= TASK DETAILS =
When you reach a picture, skip it, and retype every line below exactly.
◇ ◇ ◇ ◇
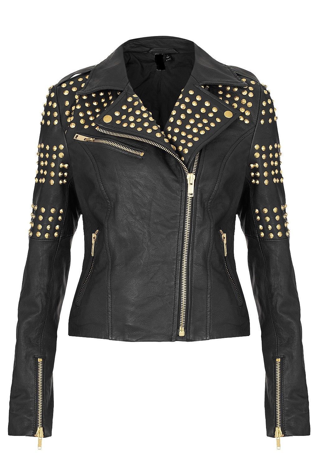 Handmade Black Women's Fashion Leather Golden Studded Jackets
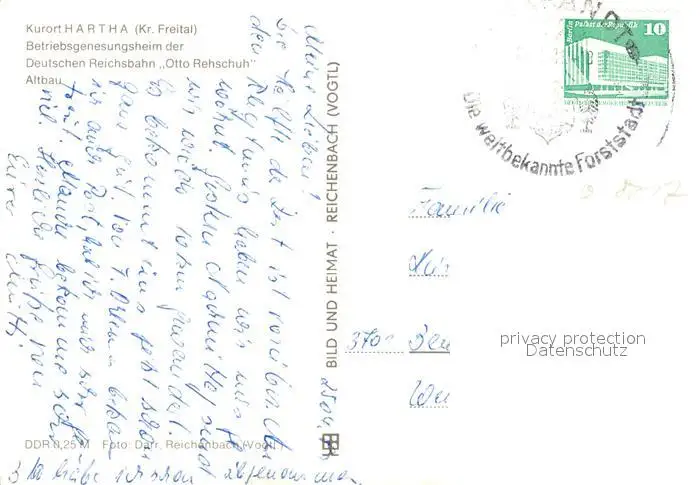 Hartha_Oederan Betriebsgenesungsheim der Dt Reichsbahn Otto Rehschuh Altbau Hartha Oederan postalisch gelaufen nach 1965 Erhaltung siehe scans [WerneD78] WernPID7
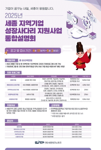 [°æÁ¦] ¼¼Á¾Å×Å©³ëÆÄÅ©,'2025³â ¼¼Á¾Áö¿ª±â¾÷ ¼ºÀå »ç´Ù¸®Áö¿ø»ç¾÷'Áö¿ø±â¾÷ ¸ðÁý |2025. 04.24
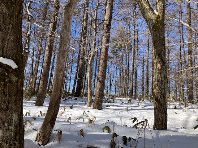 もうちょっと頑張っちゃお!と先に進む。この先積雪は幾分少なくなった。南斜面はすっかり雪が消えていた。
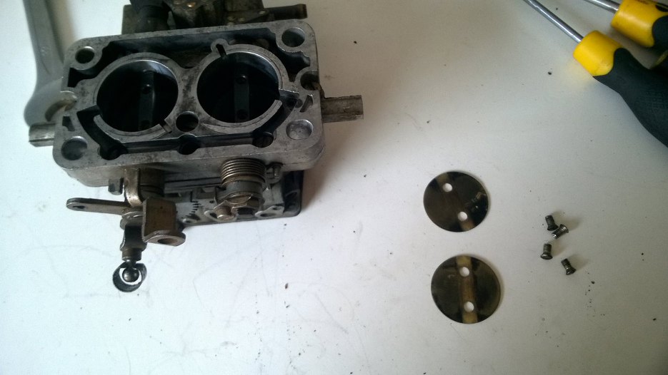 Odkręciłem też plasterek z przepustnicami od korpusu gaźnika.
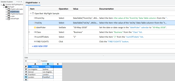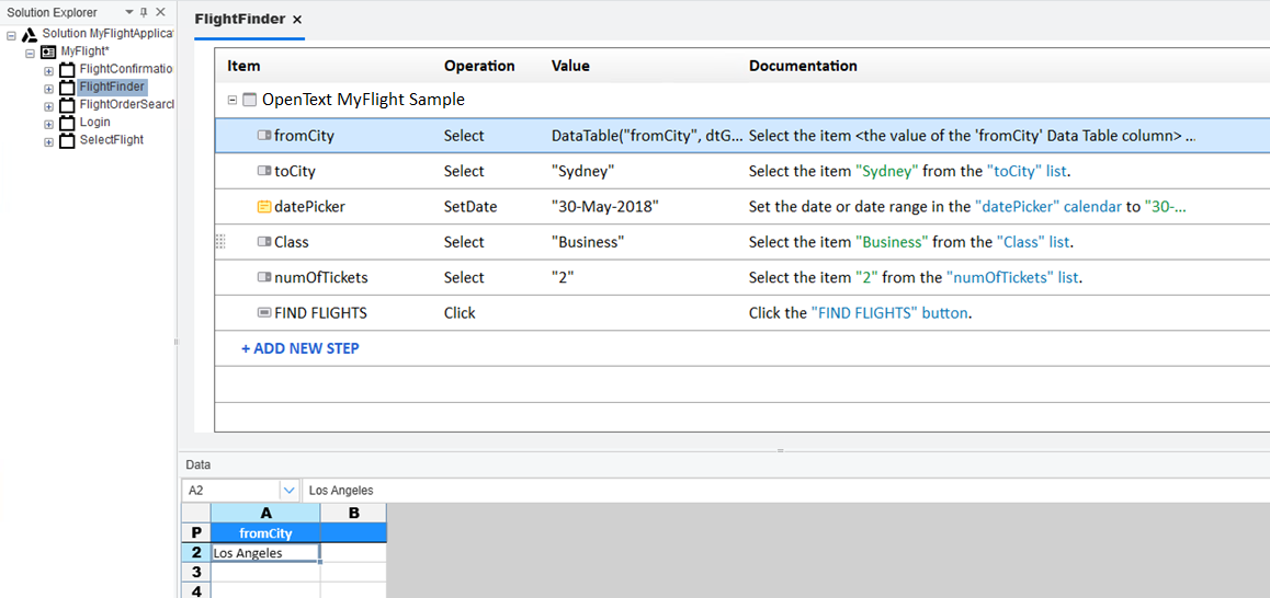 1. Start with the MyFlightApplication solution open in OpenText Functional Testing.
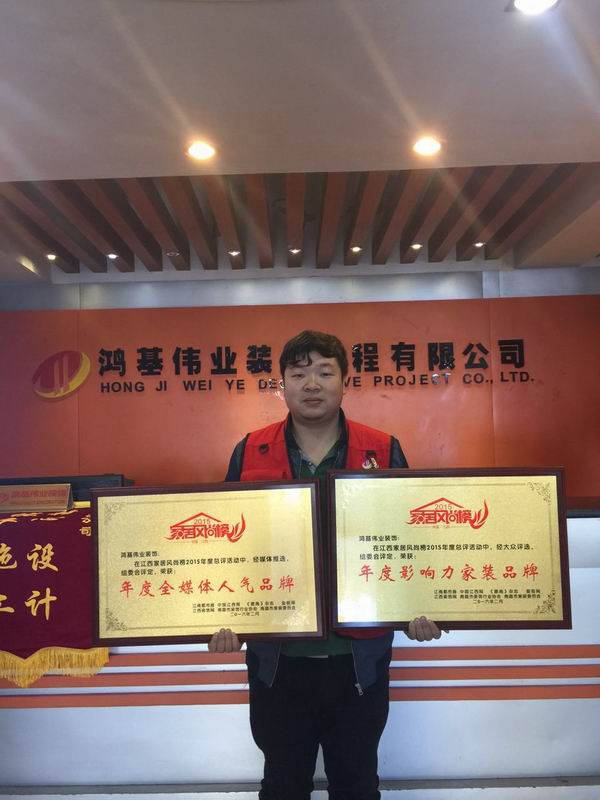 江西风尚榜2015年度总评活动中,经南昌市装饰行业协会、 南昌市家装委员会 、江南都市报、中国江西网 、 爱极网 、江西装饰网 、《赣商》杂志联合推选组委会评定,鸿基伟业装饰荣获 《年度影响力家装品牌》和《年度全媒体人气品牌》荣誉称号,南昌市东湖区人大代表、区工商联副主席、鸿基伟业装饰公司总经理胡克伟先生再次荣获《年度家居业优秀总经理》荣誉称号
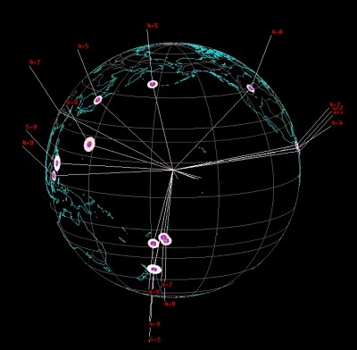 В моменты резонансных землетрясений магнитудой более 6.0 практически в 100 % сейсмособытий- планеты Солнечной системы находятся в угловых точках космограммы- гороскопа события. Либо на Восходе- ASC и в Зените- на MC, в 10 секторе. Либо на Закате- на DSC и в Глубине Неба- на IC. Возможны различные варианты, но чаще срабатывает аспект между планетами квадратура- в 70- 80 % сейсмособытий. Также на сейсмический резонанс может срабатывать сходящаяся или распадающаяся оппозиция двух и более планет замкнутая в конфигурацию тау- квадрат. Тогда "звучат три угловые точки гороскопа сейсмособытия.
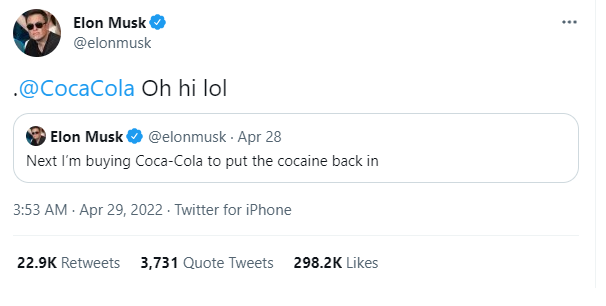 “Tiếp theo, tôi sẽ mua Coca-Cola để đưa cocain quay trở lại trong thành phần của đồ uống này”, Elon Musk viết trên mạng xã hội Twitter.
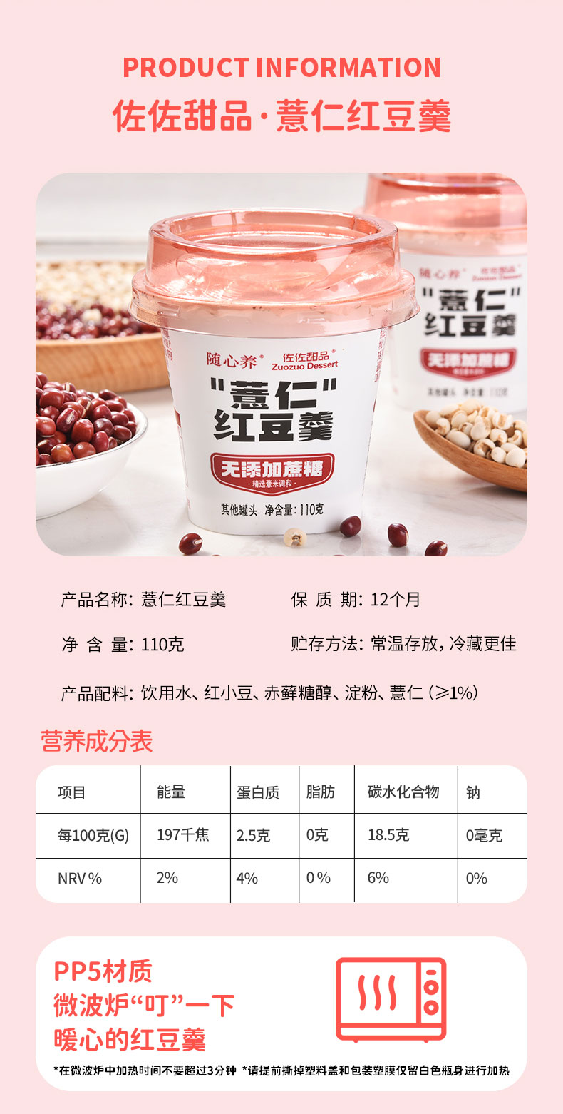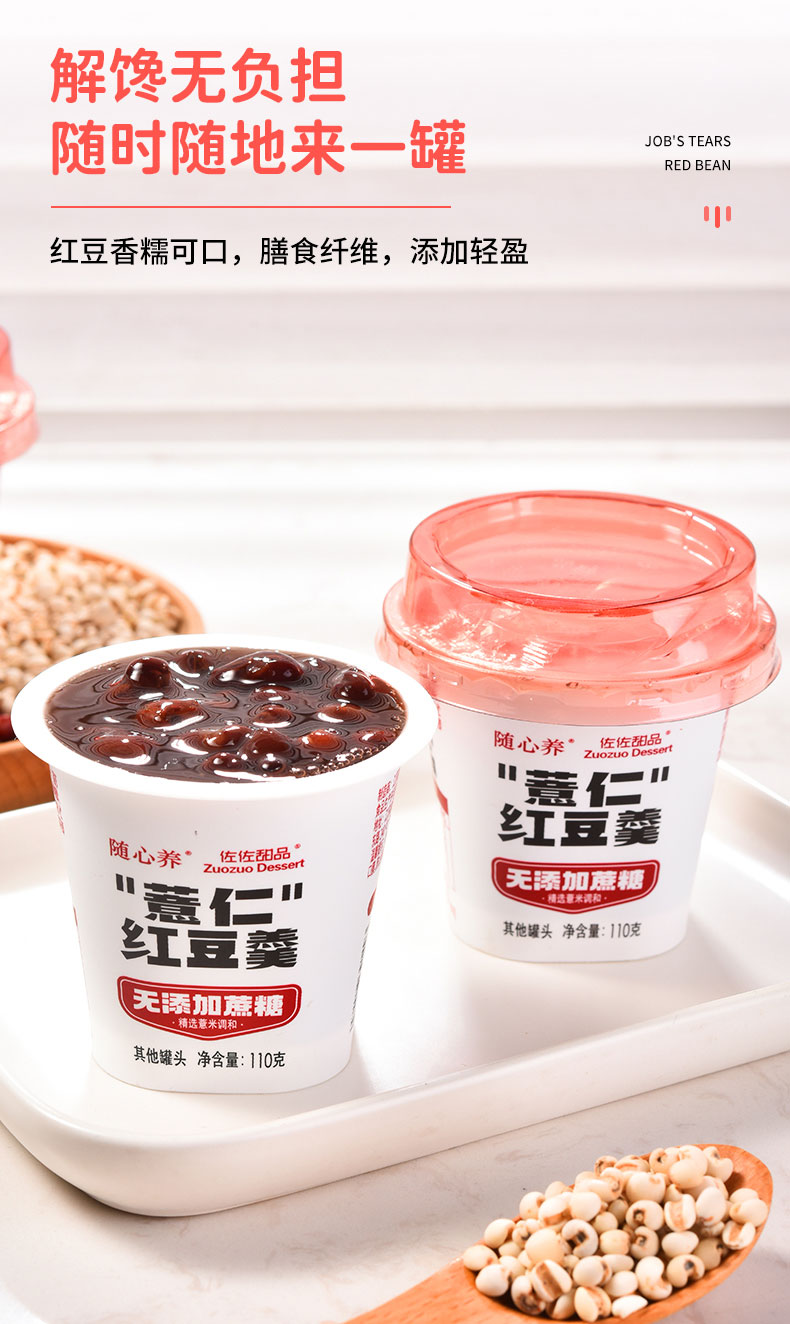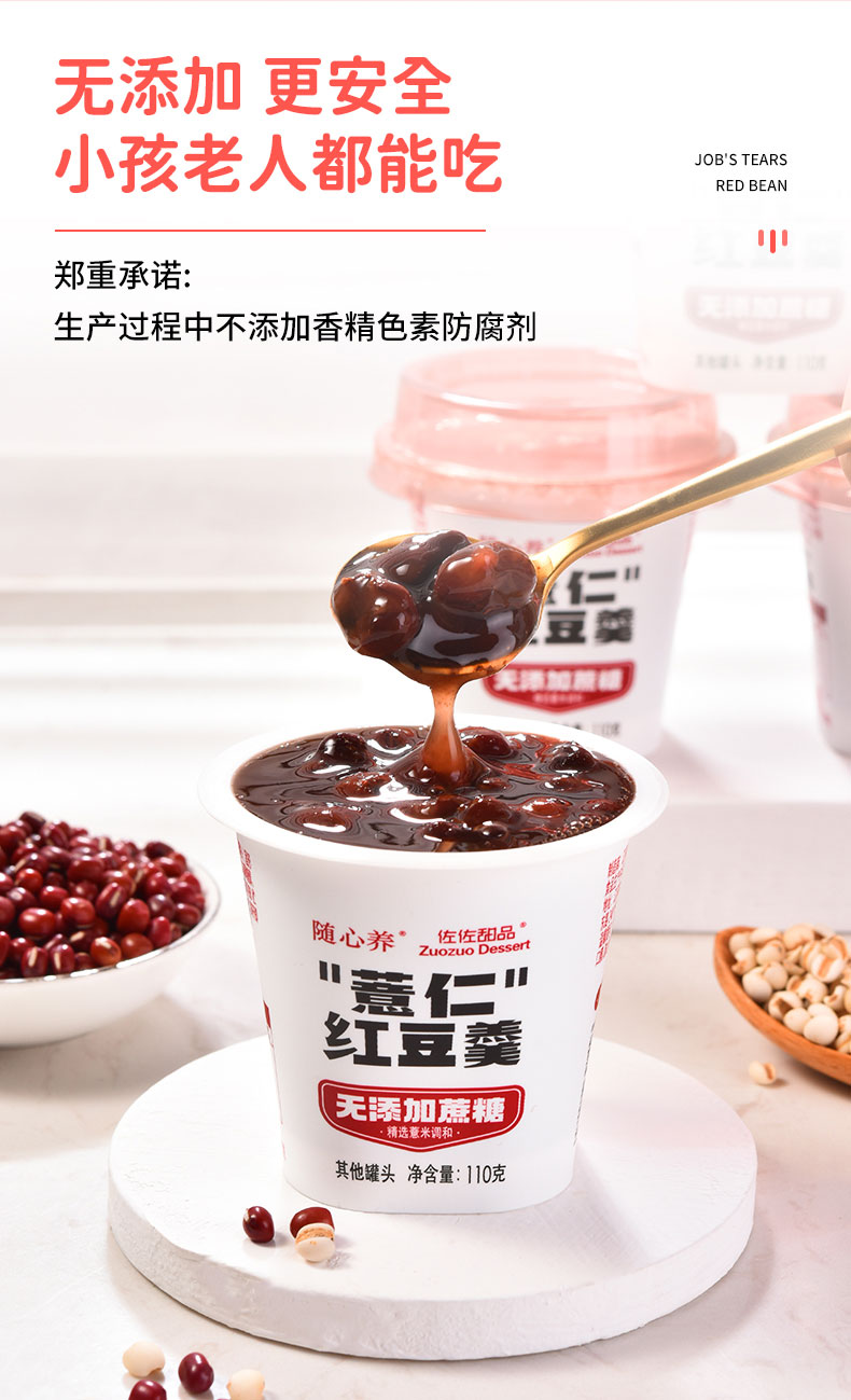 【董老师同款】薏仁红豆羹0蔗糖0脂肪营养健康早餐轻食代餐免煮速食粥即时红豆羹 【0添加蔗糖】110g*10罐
◇ ◇ ◇ ◇
= TASK ANSWER =
 Handmade Black Women's Fashion Leather Golden Studded Jackets
 Hartha_Oederan Betriebsgenesungsheim der Dt Reichsbahn Otto Rehschuh Altbau Hartha Oederan postalisch gelaufen nach 1965 Erhaltung siehe scans [WerneD78] WernPID7
 [°æÁ¦] ¼¼Á¾Å×Å©³ëÆÄÅ©,'2025³â ¼¼Á¾Áö¿ª±â¾÷ ¼ºÀå »ç´Ù¸®Áö¿ø»ç¾÷'Áö¿ø±â¾÷ ¸ðÁý |2025. 04.24
 もうちょっと頑張っちゃお!と先に進む。この先積雪は幾分少なくなった。南斜面はすっかり雪が消えていた。
 Odkręciłem też plasterek z przepustnicami od korpusu gaźnika.
 1. Start with the MyFlightApplication solution open in OpenText Functional Testing.
 江西风尚榜2015年度总评活动中,经南昌市装饰行业协会、 南昌市家装委员会 、江南都市报、中国江西网 、 爱极网 、江西装饰网 、《赣商》杂志联合推选组委会评定,鸿基伟业装饰荣获 《年度影响力家装品牌》和《年度全媒体人气品牌》荣誉称号,南昌市东湖区人大代表、区工商联副主席、鸿基伟业装饰公司总经理胡克伟先生再次荣获《年度家居业优秀总经理》荣誉称号
 В моменты резонансных землетрясений магнитудой более 6.0 практически в 100 % сейсмособытий- планеты Солнечной системы находятся в угловых точках космограммы- гороскопа события. Либо на Восходе- ASC и в Зените- на MC, в 10 секторе. Либо на Закате- на DSC и в Глубине Неба- на IC. Возможны различные варианты, но чаще срабатывает аспект между планетами квадратура- в 70- 80 % сейсмособытий. Также на сейсмический резонанс может срабатывать сходящаяся или распадающаяся оппозиция двух и более планет замкнутая в конфигурацию тау- квадрат. Тогда "звучат три угловые точки гороскопа сейсмособытия.
 “Tiếp theo, tôi sẽ mua Coca-Cola để đưa cocain quay trở lại trong thành phần của đồ uống này”, Elon Musk viết trên mạng xã hội Twitter.
 【董老师同款】薏仁红豆羹0蔗糖0脂肪营养健康早餐轻食代餐免煮速食粥即时红豆羹 【0添加蔗糖】110g*10罐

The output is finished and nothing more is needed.